MYRA REFUSED to let me go alone anywhere, much less north toward Tillamook, and it would have been a waste of time to argue with her, since she was driving. The gods and creatures had scattered, promising to be thorough and non-deadly in their search.

“Think Odin really only wanted to come if there was bloodshed?” Myra asked.

I stared out through the Douglas fir, hemlock, and sword ferns that crowded the side of the road.

“I think he and Thorne had some agreement about who gave up their vacation first. Probably some bet he won.”

“Poker?”

“Or that croquet game they started up a couple months ago.”

“Croquet.” Her voice held a level of disbelief we Reeds really should be done with by now. “Thor and Odin. Wickets and tiny mallets?”

“Tiny hammers,” I corrected with mock gravity. “They play it on the beach over at the cove. Apparently you can hear the swearing and insults for miles. A few of the other gods have joined in. I heard rumblings about starting a league. It’s serious business.”

“As long as no one dies,” she said.

That brought on a heavy silence.

“If we don’t find Cooper in time…” I said as Myra kept her eyes on the twisting road that rolled through cow farms and forested hills.

“We’ll find him.”

“If we don’t,” I said, a little more firmly, “I don’t want you or Jean trying to pick up the power.”

She was quiet.
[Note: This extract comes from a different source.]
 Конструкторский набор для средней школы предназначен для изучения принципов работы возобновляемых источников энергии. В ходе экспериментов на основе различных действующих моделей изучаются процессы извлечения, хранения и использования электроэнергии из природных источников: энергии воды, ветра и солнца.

After another mile or so, she took in a short breath. “Do you really think Jean and I could stand on the sidelines while our home and the people we care for are being eaten by a god power that our family has vowed to guard?”
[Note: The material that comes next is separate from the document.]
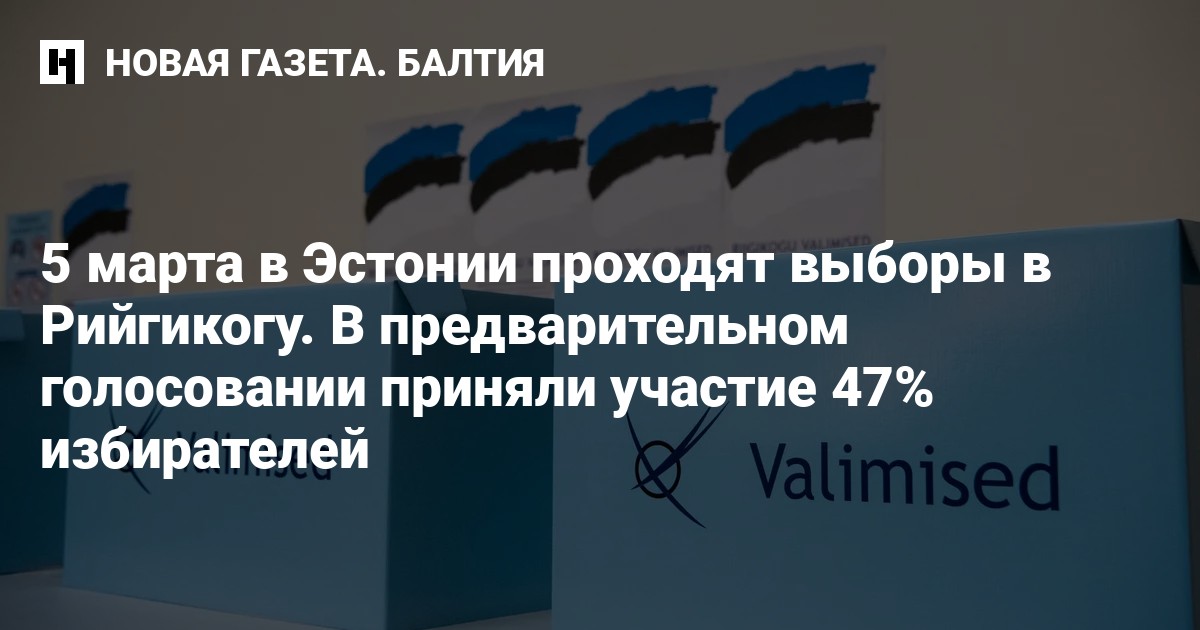В Рийгикогу баллотируются девять партий и десять независимых кандидатов, всего 968 кандидатов. По состоянию на 8.00 5 марта, в предварительном голосовании приняли участие 47,3% избирателей, пишет ERR.

“No,” I said quietly. “But I think you could leave. Get out of the blast zone.”

“You aren’t paying attention, Delaney. You know we’d never walk away in a disaster.”

“I know.” I rubbed my eyes. The headache had gotten much worse with the song of power and exhausting pressure.

“We would never walk away from you,” she said.

The truth of that made my chest tight.

“Idiot. We love you. We are not going to lose you.”

The pressure in my chest eased, and I closed my eyes against the overwhelming prickling of tears I refused to give in to. I sniffed and nodded. I was pretty sure I was the worst keeper of power in the history of the keepers of powers, but having Myra and Jean—my sisters, my family—at my back meant everything to me.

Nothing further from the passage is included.